Top of RAW DATA

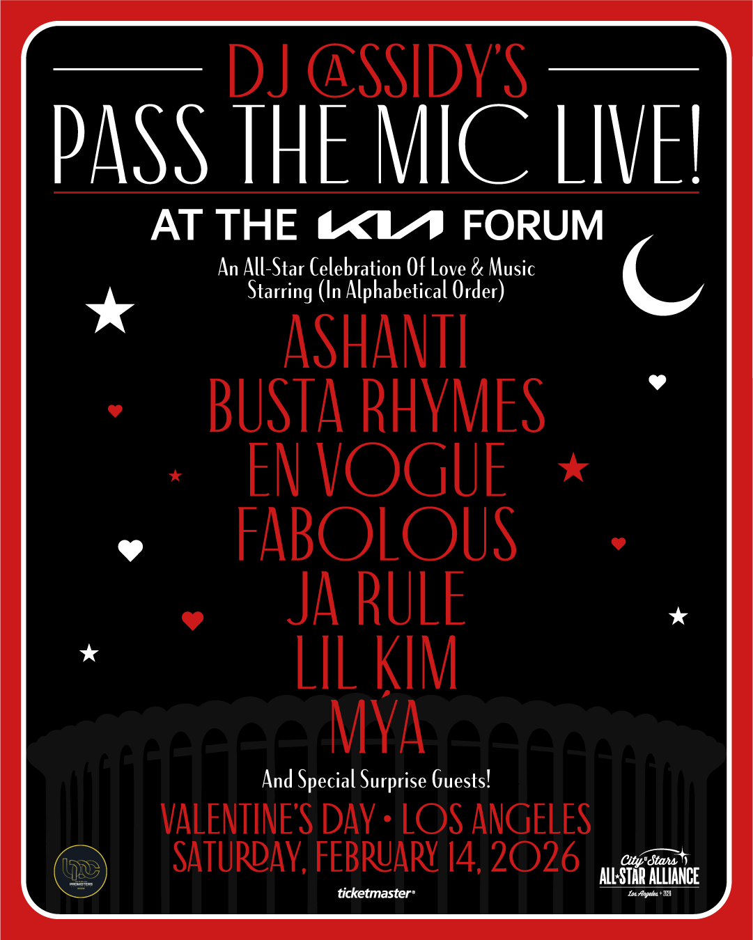 Now, DJ Cassidy has taken the show on the road with his highly anticipated “DJ Cassidy’s Pass The Mic Live!” Over the last year, the “Pass The Mic Live! Tour” has sold out arenas nationwide, in addition to a historic summer 2023 event at New York City’s Radio City Music Hall in celebration of Hip Hop’s 50th birthday.
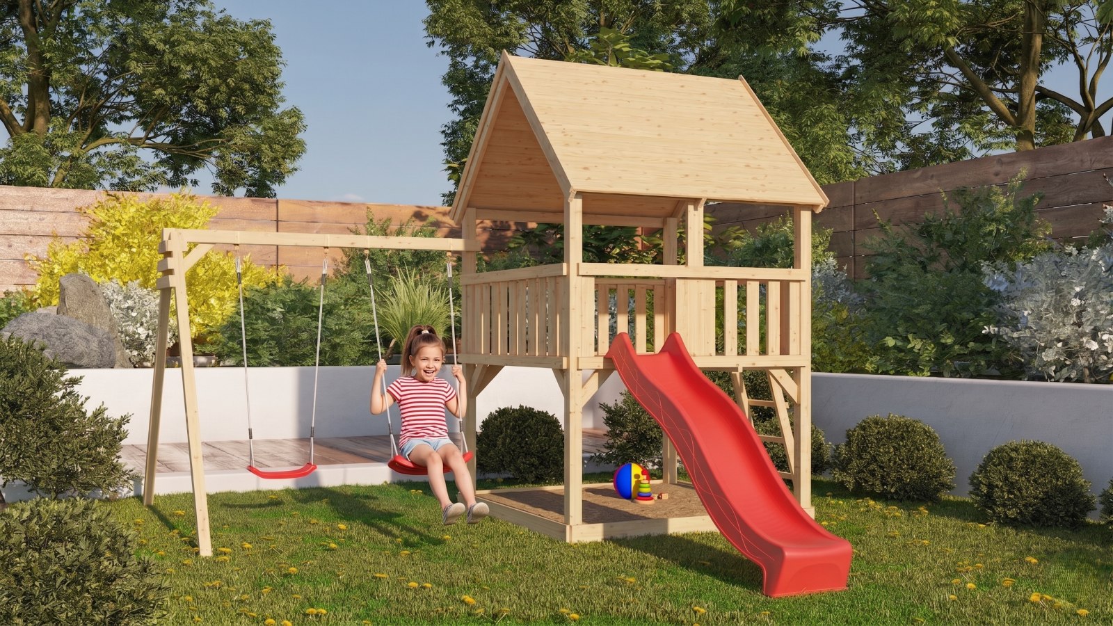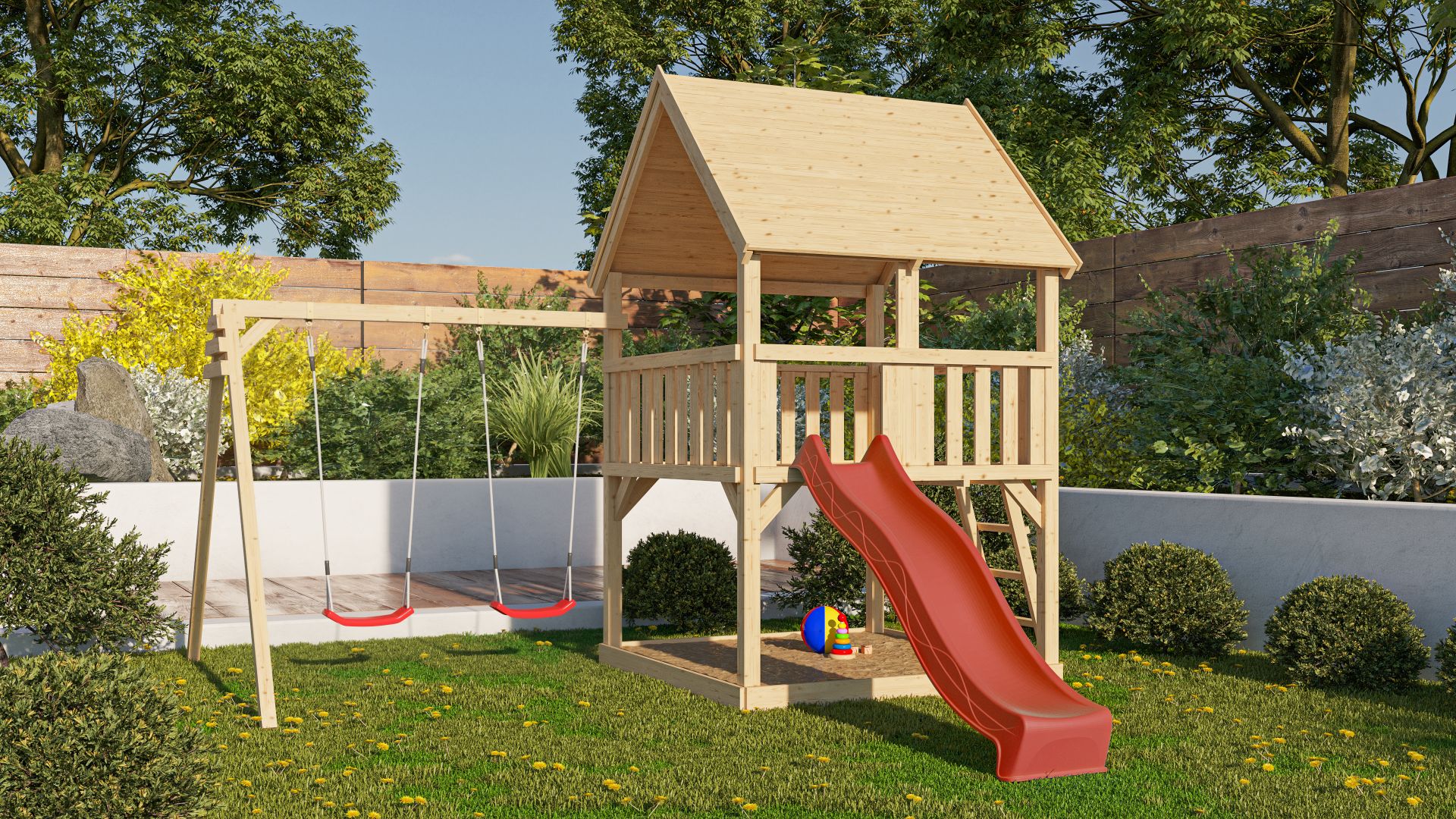 - dvousedadlová houpačka včetně závěsů a dvou červených sedátek
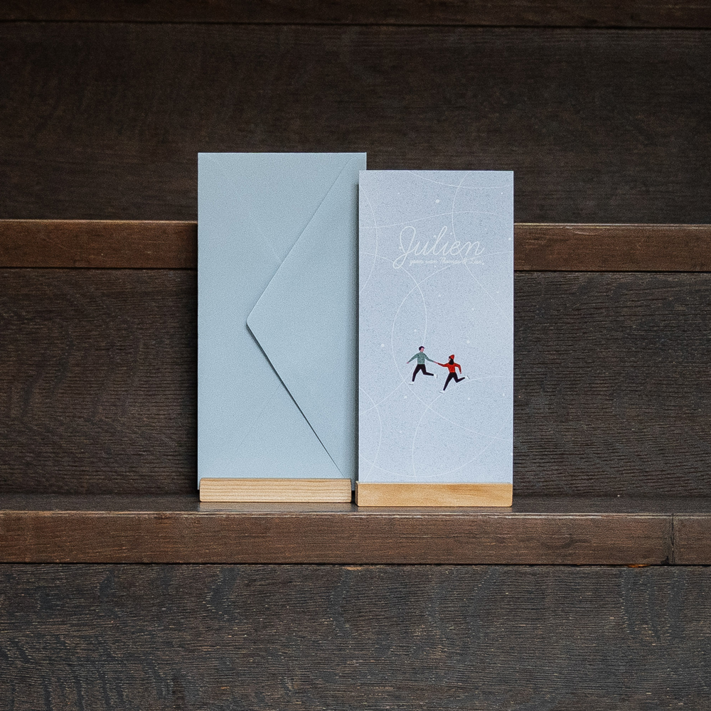 Een romatisch prachtig geboortekaartje met schaatsende ouders in winterlandschap. Pas de tekst aan en bestel een proefdruk!

Bottom of RAW DATA

**WHAT THE EXERCISE ASKS**
Leave out the pictures, then return every line of the data exactly.

**RESULT OF THE EXERCISE**
 Now, DJ Cassidy has taken the show on the road with his highly anticipated “DJ Cassidy’s Pass The Mic Live!” Over the last year, the “Pass The Mic Live! Tour” has sold out arenas nationwide, in addition to a historic summer 2023 event at New York City’s Radio City Music Hall in celebration of Hip Hop’s 50th birthday.
 - dvousedadlová houpačka včetně závěsů a dvou červených sedátek
 Een romatisch prachtig geboortekaartje met schaatsende ouders in winterlandschap. Pas de tekst aan en bestel een proefdruk!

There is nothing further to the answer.